PyTables vs Matlab HDF5 read times

Question

I have an HDF5 output file from NASTRAN that contains mode shape data. I am trying to read them into Matlab and Python to check various post-processing techniques. The file in question is in the local directory for both of these tests. The file is semi-large at 1.2 GB but certainly not that large in terms of HDF5 files I have read previously. There are 17567342 rows and 8 columns in the table I want to access. The first and last columns are integers the middle 6 are floating point numbers.

Matlab:

file = 'HDF5.h5';
hinfo = hdf5info(file);
% ... Find the dataset I want to extract
t = hdf5read(file, '/NASTRAN/RESULT/NODAL/EIGENVECTOR');

This last operation is extremely slow (can be measured in hours).

Python:

import tables
hfile = tables.open_file("HDF5.h5")
modetable = hfile.root.NASTRAN.RESULT.NODAL.EIGENVECTOR
data = modetable.read()

This last operation is basically instant.

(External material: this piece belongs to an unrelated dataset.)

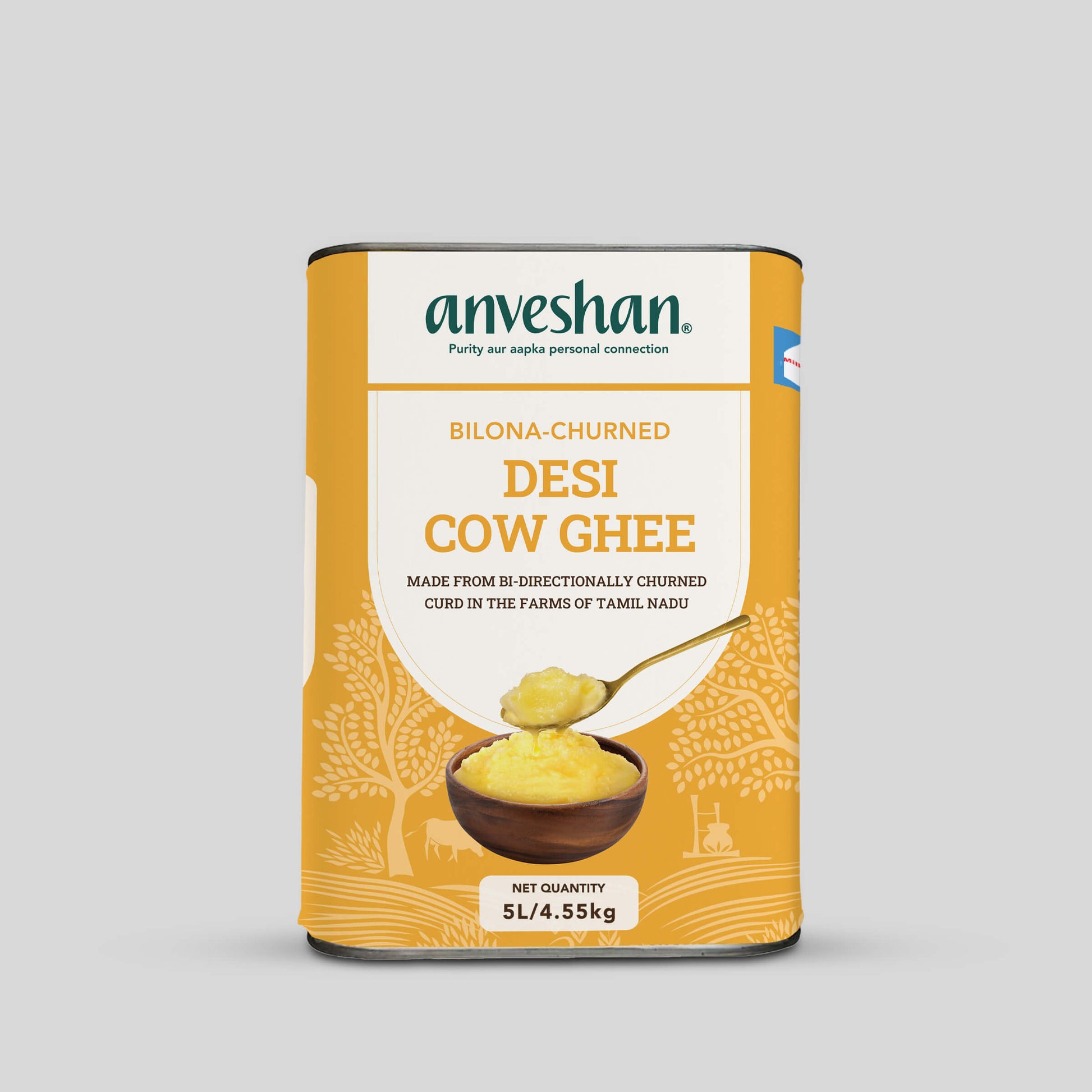 Anveshan A2 Desi Cow Ghee is made entirely from the milk extracted from desi cows. The indigenous cow gives around 2-3 litres of milk per day which is more nutritious than foreign breeds that produce more milk. The cows are neither forced nor injected with hormones to enhance milk production. Our ghee is bi-directionally bilona churned with a wooden churner. This is why our A2 cow ghee has a grainy ure thicker consistency tempting aroma superior flavour and is much healthier. Hence A2 Desi Cow Ghee is costlier and better than regular ghee.

I can then access data as if it were a numpy array. I am clearly missing something very basic about what these commands are doing. I'm thinking it might have something to do with data conversion but I'm not sure. If I do type(data) I get back numpy.ndarray and type(data[0]) returns numpy.void.

What is the correct (i.e. speedy) way to read the dataset I want into Matlab?

More important than the type is the dtype and shape of data. — hpaulj

kcw78 kcw78 · Accepted Answer · 2019-02-07T03:39:00

Matt, Are you still working on this problem? I am not a matlab guy, but I am familiar with Nastran HDF5 file. You are right; 1.2 GB is big, but not that big by today's standards.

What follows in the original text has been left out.